I think there's roughly 3 types of closure:
Question that are completely unsuitable for the site because it's in the wrong language or is about some off-topic subject like gardening. These questions are expected to be closed and never re-opened. We should probably keep the ability to close these (unless you want them to be handled entirely by mod flags?). Personally, I think the new "advice" questions should also be close-able like this.
@Dharman has a comment on this saying
An off-topic question is one where we cannot provide an answer because it's out of our expertise area. Whether it's closed or not, chances are it's not going to get a good answer here.
I disagree here - mainly because people will answer off-topic questions and that kind of encourages others. Dropping this type of closure essentially makes all subjects on-topic.
Questions are considered unanswerable because they need an MRE or something similar. The hope is that these will be improved and reopened, however if those are closed then it can be a frustrating experience getting them re-opened.

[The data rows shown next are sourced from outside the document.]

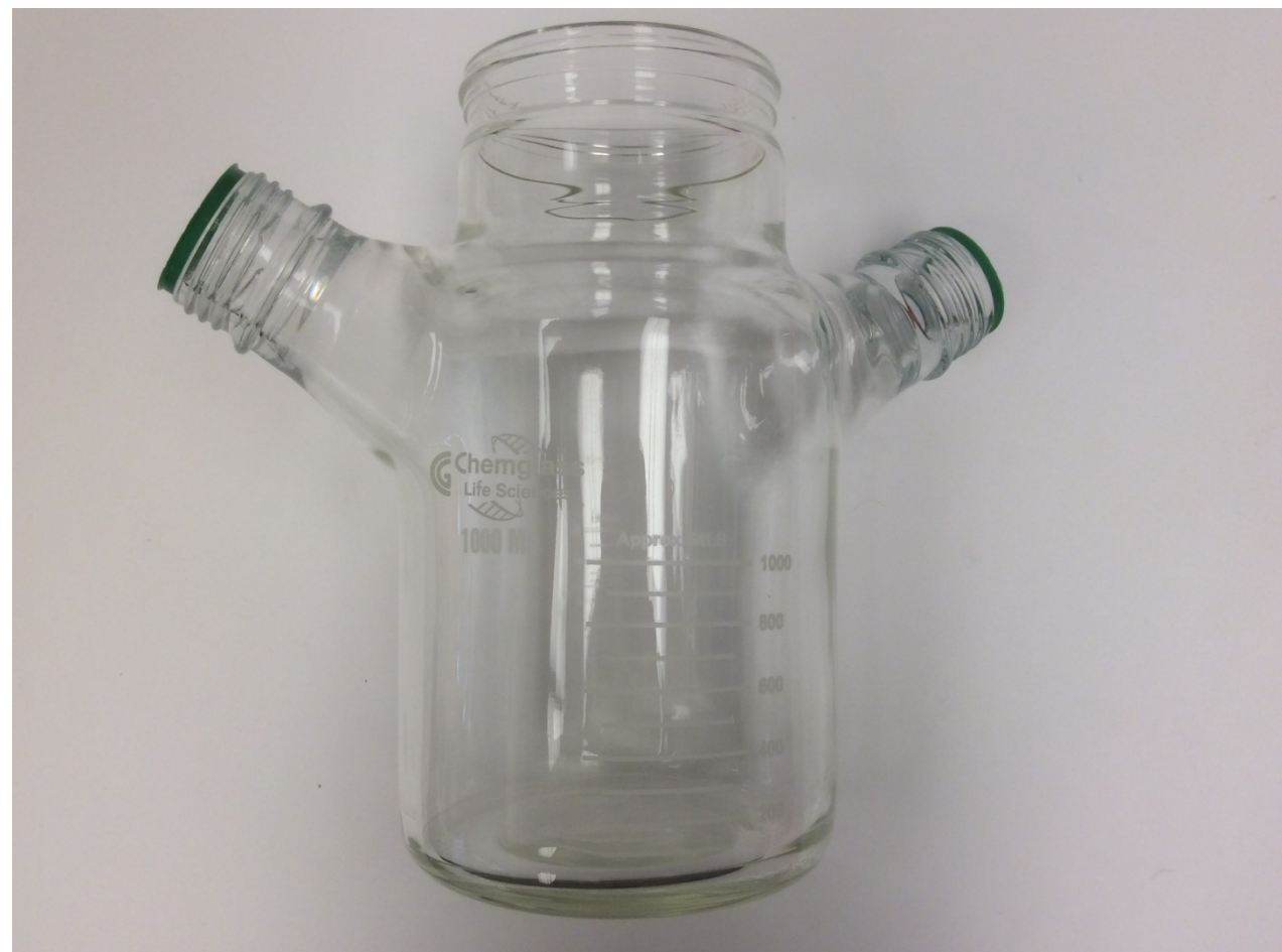
1 liter spinner flask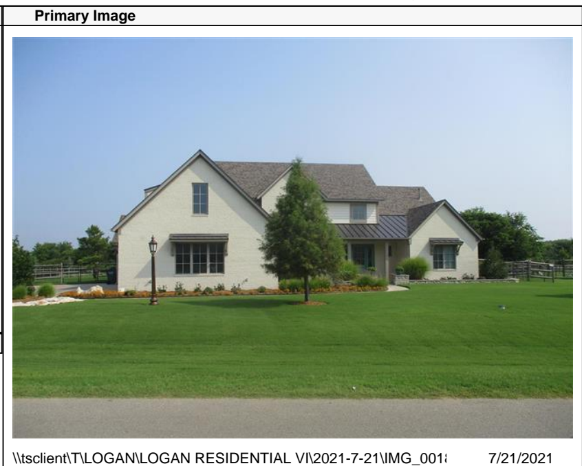
\\tsclient\T\LOGAN\LOGAN RESIDENTIAL VI\2021-7-21\IMG_001; 7/21/2021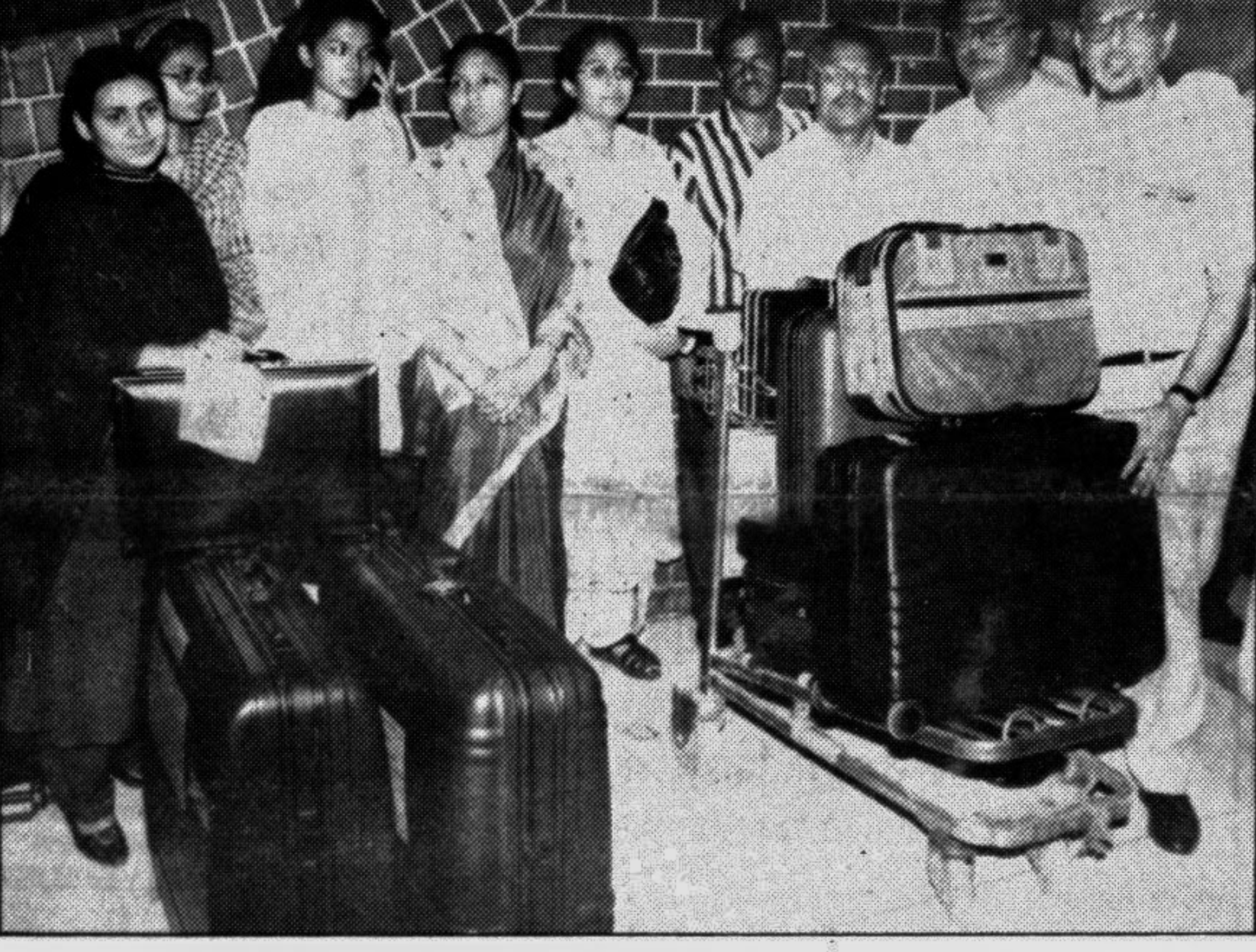
Some of the stranded passengers at the Zia International Airport yesterday.

I also think people are sometimes too insistent on an MRE and in a lot of cases it is possible for a subject expert to answer as-is. (I'd argue this also applies to the staging ground to an extent and maybe we're overly strict about questions needing to be "perfect" to graduate.)
I'd be OK with these being left open to be answered or age into non-existence based on their merits. It removes the frustration of trying to get them reopened, and if they are actually answerable then they'll get answered.
Duplicates. Again can be a frustrating experience if the asker believes that the question is not a duplicate (either correctly or incorrectly).
I'm less clear on what to do about these - they fall somewhere between the two other cases. I think that accurate closure of duplicates is a good thing but also that it can be frustrating.